I am looking to purchase a bench top drill press to replace circa 1930's machine that gave up.. I searched reviews and picked 12" JET JWDP-12, a variable speed machine. Someone posted a review this is the same machine as WEN 4214, they are made by the same factory and the only difference is the paint color. Another person posted JET is much sturdier than WEN, especially the work table. Since I can't compare them side by side, I am wondering if anyone can give me his/her opinion.


----------



## tooler2 (Aug 11, 2012)

Please be sure to post your old DP on the OWWM site, I am sure somebody will want it! What is wrong with it?


----------



## [email protected] (Aug 20, 2019)

tooler2 said:


> Please be sure to post your old DP on the OWWM site, I am sure somebody will want it! What is wrong with it?


One of the pully is broken. I am not comfortable to replace it on a rotating machine myself. It's an old JET made in Japan, very heavy (I think it's close to 100 pounds) and don't know how to ship it even if someone wants it.


----------



## tooler2 (Aug 11, 2012)

If it is a jet it will be from the 70s at earliest, not the 30s and they do not allow asian machines on OWWM. It is a great press, probably much better than a new one. Old machinery buyers are pretty savvy about shipping heavy things for cheap or free.


----------



## roxanne562001 (Feb 5, 2012)

I would try fixing your old one send some pics I should be able to walk you through the repair. I used to be a machinist a few years back. There is not much to brake on them. Let me know if I can help. I like the old iron so much better than the new stuff. Roxanne


----------



## DesertRatTom (Jul 3, 2012)

Hi, I did compare the two machines and bought the WEN. They are identical down to the casting marks, and so are the tables and all the other visible parts. I've had other WEN products and they are just fine. Their benchtop press is a little taller than other cheapie benchtop machines, and that's pretty important. The continuous speed control (I think it's called a rockwell clutch) works very smoothly and showsi rpms on a digital display. If you buy it through HD, you can return it easily if it has an issue. A lot of machines with different brand names are made in the same Asian factories. I'm a bit like you in that I don't really feel comfortable rebuilding tools.


----------



## [email protected] (Aug 20, 2019)

tooler2 said:


> If it is a jet it will be from the 70s at earliest, not the 30s and they do not allow asian machines on OWWM. It is a great press, probably much better than a new one. Old machinery buyers are pretty savvy about shipping heavy things for cheap or free.


It is older than 70s, JET 13R made in Japan. I bought it used and it didn't come with a manual, the manual is offered online and the website says it was published in 1900.


----------



## [email protected] (Aug 20, 2019)

roxanne562001 said:


> I would try fixing your old one send some pics I should be able to walk you through the repair.

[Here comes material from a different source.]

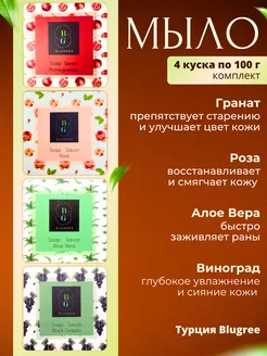 4 штуки Твердое мыло Гранат+Роза+Алоэ вера+Виноградное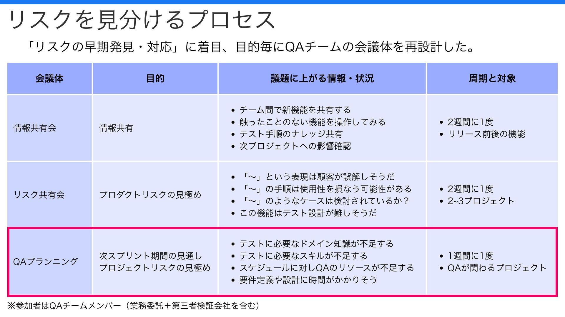 2週間に1度 リリース前後の機能 リスク共有会 プロダクトリスクの見極め 「〜」という表現は顧客が誤解しそうだ 「〜」の手順は使用性を損なう可能性がある 「〜」のようなケースは検討されているか? この機能はテスト設計が難しそうだ 2週間に1度 2~3プロジェクト QAプランニング 次スプリント期間の見通し プロジェクトリスクの見極め テストに必要なドメイン知識が不足する テストに必要なスキルが不足する スケジュールに対しQAのリソースが不足する 要件定義や設計に時間がかかりそう 1週間に1度 QAが関わるプロジェクト リスクを見分けるプロセス 「リスクの早期発見・対応」に着目、目的毎にQAチームの会議体を再設計した。 ※参加者はQAチームメンバー(業務委託+第三者検証会社を含む)

I used to be a machinist a few years back. There is not much to brake on them. Let me know if I can help. I like the old iron so much better than the new stuff. Roxanne


Thank you for offering to help. As you can see from the picture, the bottom pully shattered. It's an old machine, JET doesn't have a replacement part.


----------



## [email protected] (Aug 20, 2019)

DesertRatTom said:


> Hi, I did compare the two machines and bought the WEN. They are identical down to the casting marks, and so are the tables and all the other visible parts. I've had other WEN products and they are just fine. Their benchtop press is a little taller than other cheapie benchtop machines, and that's pretty important. The continuous speed control (I think it's called a rockwell clutch) works very smoothly and showsi rpms on a digital display. If you buy it through HD, you can return it easily if it has an issue. A lot of machines with different brand names are made in the same Asian factories. I'm a bit like you in that I don't really feel comfortable rebuilding tools.


I wondered if JET and WEN use the same motor. One comment posted said WEN didn't seem to have enough power, couldn't drive 1" Forstner bit into a plywood.


----------



## RiovistaAndy (Feb 20, 2019)

[email protected] said:


> Thank you for offering to help. As you can see from the picture, the bottom pully shattered. It's an old machine, JET doesn't have a replacement part.
> View attachment 398808
> View attachment 398809


That is actually an easy repair. If your not sure of your ability you should be able to find an electric motor shop or a small machine shop near you who can change it out for a small charge.
It's to good a machine just to give up on it.


----------



## dwall174 (Feb 15, 2010)

[email protected] said:


> It's an old machine, JET doesn't have a replacement part


If you measure the pulley diameters & the bore ID. I bet you could get one really close to it from Grizzly.
A lot of Jet & Grizzly machines use basically the same parts!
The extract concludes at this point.